> Instructions to follow:
Find "The Grizzly Is A", then copy its line and every later line of the entries exactly through the end, leaving all pictures out.

> Supplied material:
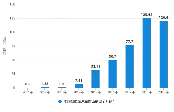 根據(jù)工信部在論壇上公開的數(shù)據(jù),2019年我國新能源汽車銷量120.6萬輛,2018年這一數(shù)據(jù)為125.6萬輛,下降約3.98%。這是我國自2009年大力推廣新能源汽車市場發(fā)展以來,首次出現(xiàn)新能源汽車年度銷量下滑。
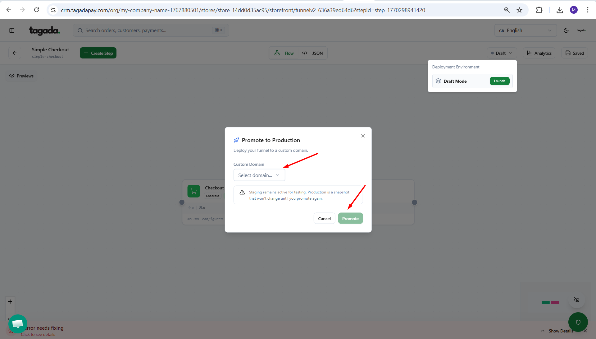 Chose your custom domain for example club.mydomain.com and click on promote.
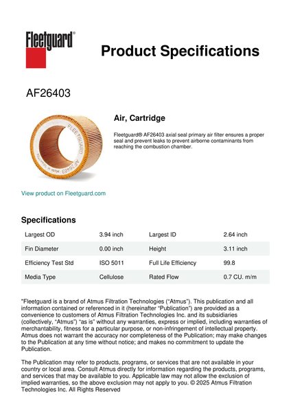 Fleetguard® AF26403 axial seal primary air filter ensures a proper seal and prevent leaks to prevent airborne contaminants from reaching the combustion chamber.
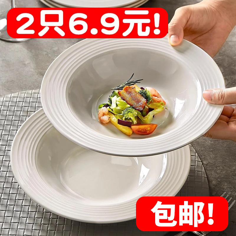 6.9元两只装!盘子菜盘8.75英寸陶瓷家用意面西餐螺纹纯白草帽盘
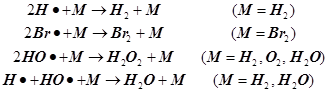 где R1, R2- обладающие свободной валентностью атомы или молекулярные свободные радикалы, а M - любая третья частица. С формально-кинетической точки зрения всякий такой процесс выглядит как процесс второго порядка, и третья частица не учитывается в материальном балансе и не определяет стехиометрию процесса.
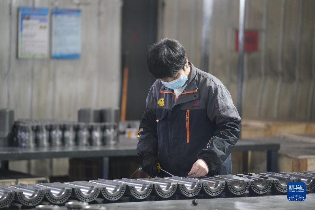 3月29日,沧州渤海新区黄骅市安迪模具有限公司工人在生产车间清洁模具产品。
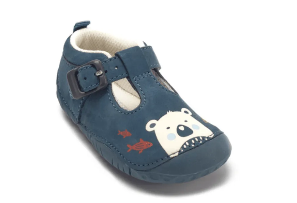 The Grizzly Is A Cute T-Bar Pre-Walker Unisex Shoe By Start-Rite. Designed With A Characterful Polar Bear And With An Adjustable Buckle Fastening. The Grizzly Is Scuff Proof And Will Offer Protection Where Needed.
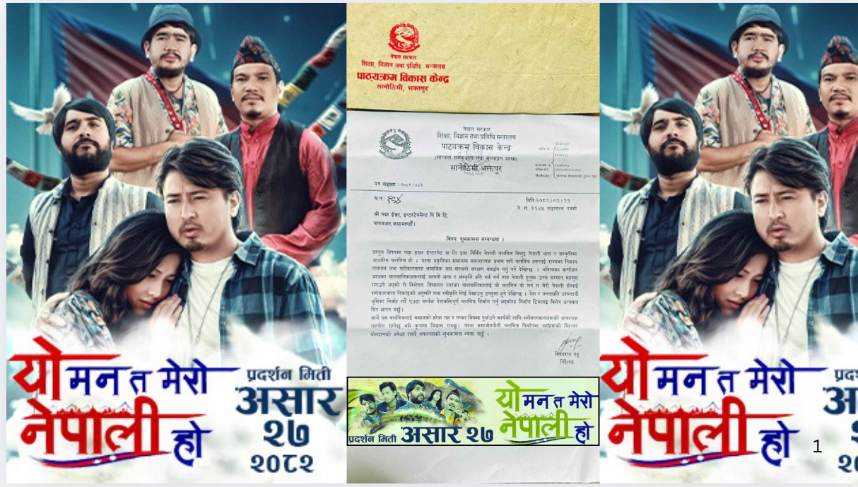 नेपाली भाषा तथा नेपाली संस्कृतिको प्रवर्धन तथा श्रीवृद्धिमा योगदान दिने उद्देश्यले निर्माण गरिएको नेपाली फिल्म ‘यो मन त मेरो नेपाली हो’ को निर्माण संस्थालाई नेपाल सरकारको शिक्षा, विज्ञान तथा प्रविधि मन्त्रालय अन्तर्गतको पाठ्यक्रम विकास केन्द्र सानोठिमी, भक्तपुरले एउटा पत्र प्रेसित गर्दै शुभकामना सन्देश पठाएको छ ।

> Expected answer:
 The Grizzly Is A Cute T-Bar Pre-Walker Unisex Shoe By Start-Rite. Designed With A Characterful Polar Bear And With An Adjustable Buckle Fastening. The Grizzly Is Scuff Proof And Will Offer Protection Where Needed.
 नेपाली भाषा तथा नेपाली संस्कृतिको प्रवर्धन तथा श्रीवृद्धिमा योगदान दिने उद्देश्यले निर्माण गरिएको नेपाली फिल्म ‘यो मन त मेरो नेपाली हो’ को निर्माण संस्थालाई नेपाल सरकारको शिक्षा, विज्ञान तथा प्रविधि मन्त्रालय अन्तर्गतको पाठ्यक्रम विकास केन्द्र सानोठिमी, भक्तपुरले एउटा पत्र प्रेसित गर्दै शुभकामना सन्देश पठाएको छ ।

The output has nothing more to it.